West Coast Fruit Co. v. Hackney

Decision Date01 August 1929
Citation98 Fla. 382,123 So. 758
PartiesWEST COAST FRUIT CO. v. HACKNEY.
CourtFlorida Supreme Court

Error to Circuit Court, Pinellas County; Freeman P. Lane, Judge.

Action by the West Coast Fruit Company against W. L. Hackney. Judgment for defendant, and plaintiff brings error.

Reversed and remanded.

Syllabus by the Court

SYLLABUS

Commonlaw right to take nonsuit any time before verdict has been restricted by statute (Comp. Gen. Laws 1927, § 4357). Rule at common law that nonsuit could be taken at any time before verdict has been limited by Comp. Gen. Laws 1927, § 4357 providing that no plaintiff shall take nonsuit on trial unless he do so before jury retires from the bar.

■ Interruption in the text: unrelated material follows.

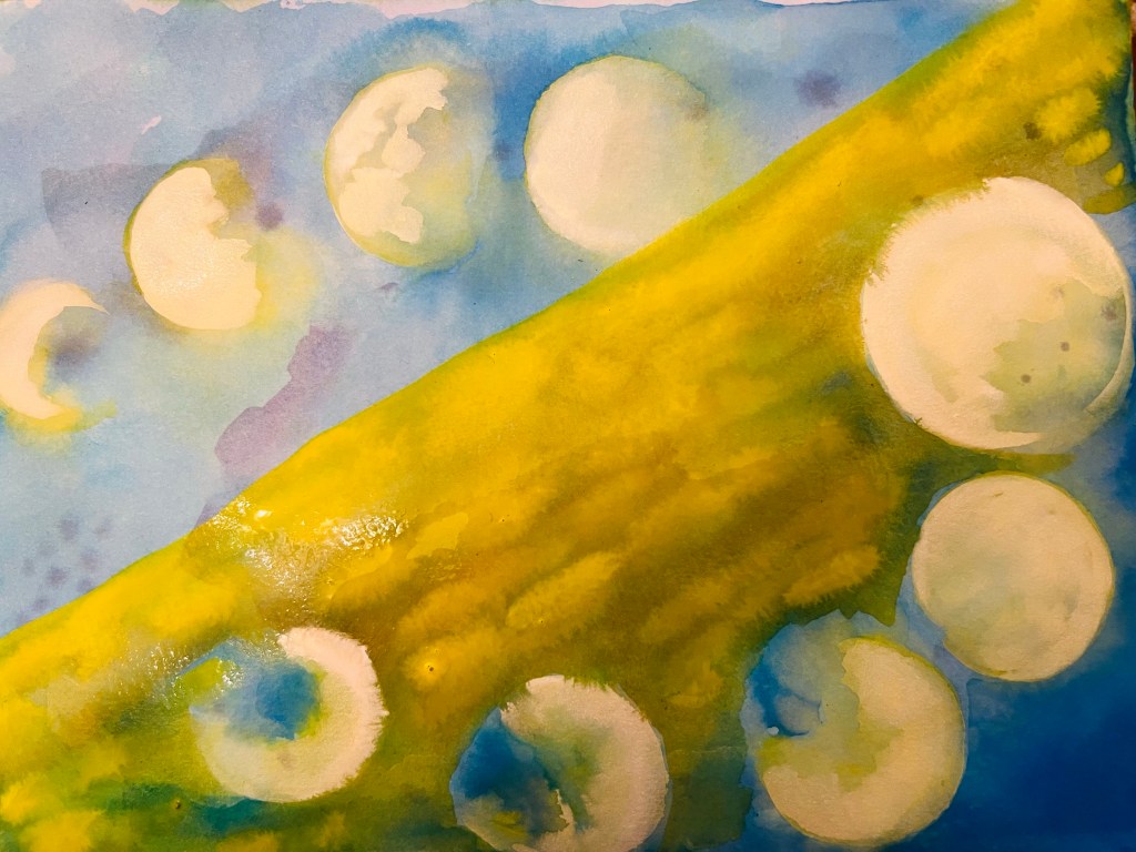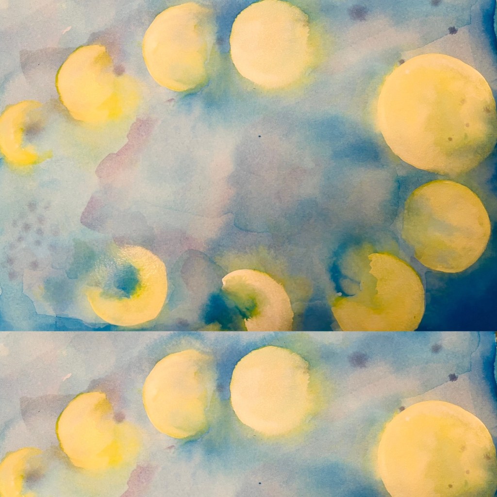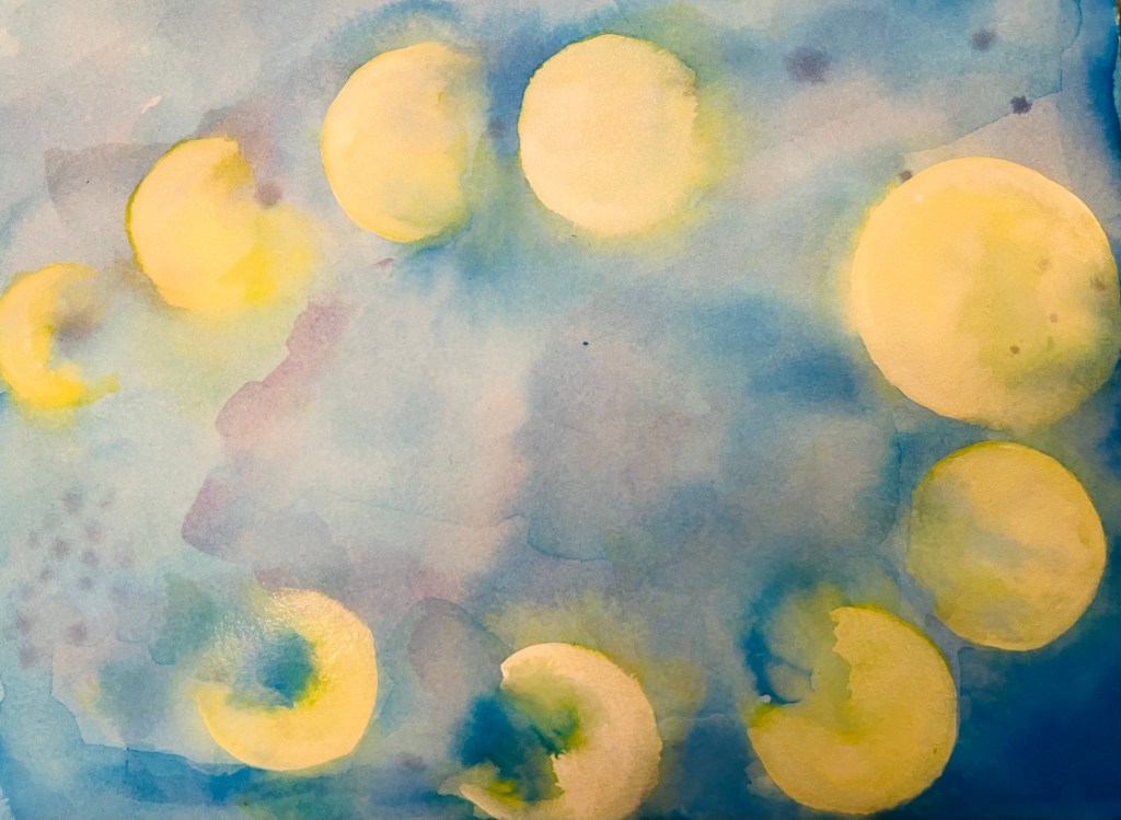 The drawing below is the Moon’s movement. The celestial bodies move all the time and their movement is very dramatic and intriguing. The Moon is a fastest moving object around the Earth, so it is on the constant move. I like this drawing of mine, it does have some hypnotic effect because of the changing Moon images. You can see below a circle of the Moon cycle: the waxing and the waning Moon. Each phase is a totally different Moon.

Presence of plea of set-off held not to deprive plaintiff of right to take nonsuit before jury retired (Comp. Gen. Laws 1927, § 4357). Under Comp. Gen. Laws 1927, § 4357, presence of plea of set-off held not to deprive plaintiff of right to take nonsuit before jury retired.

COUNSEL

Zetrouer & Ware and Kelly & Casler, all of Clearwater, for plaintiff in error.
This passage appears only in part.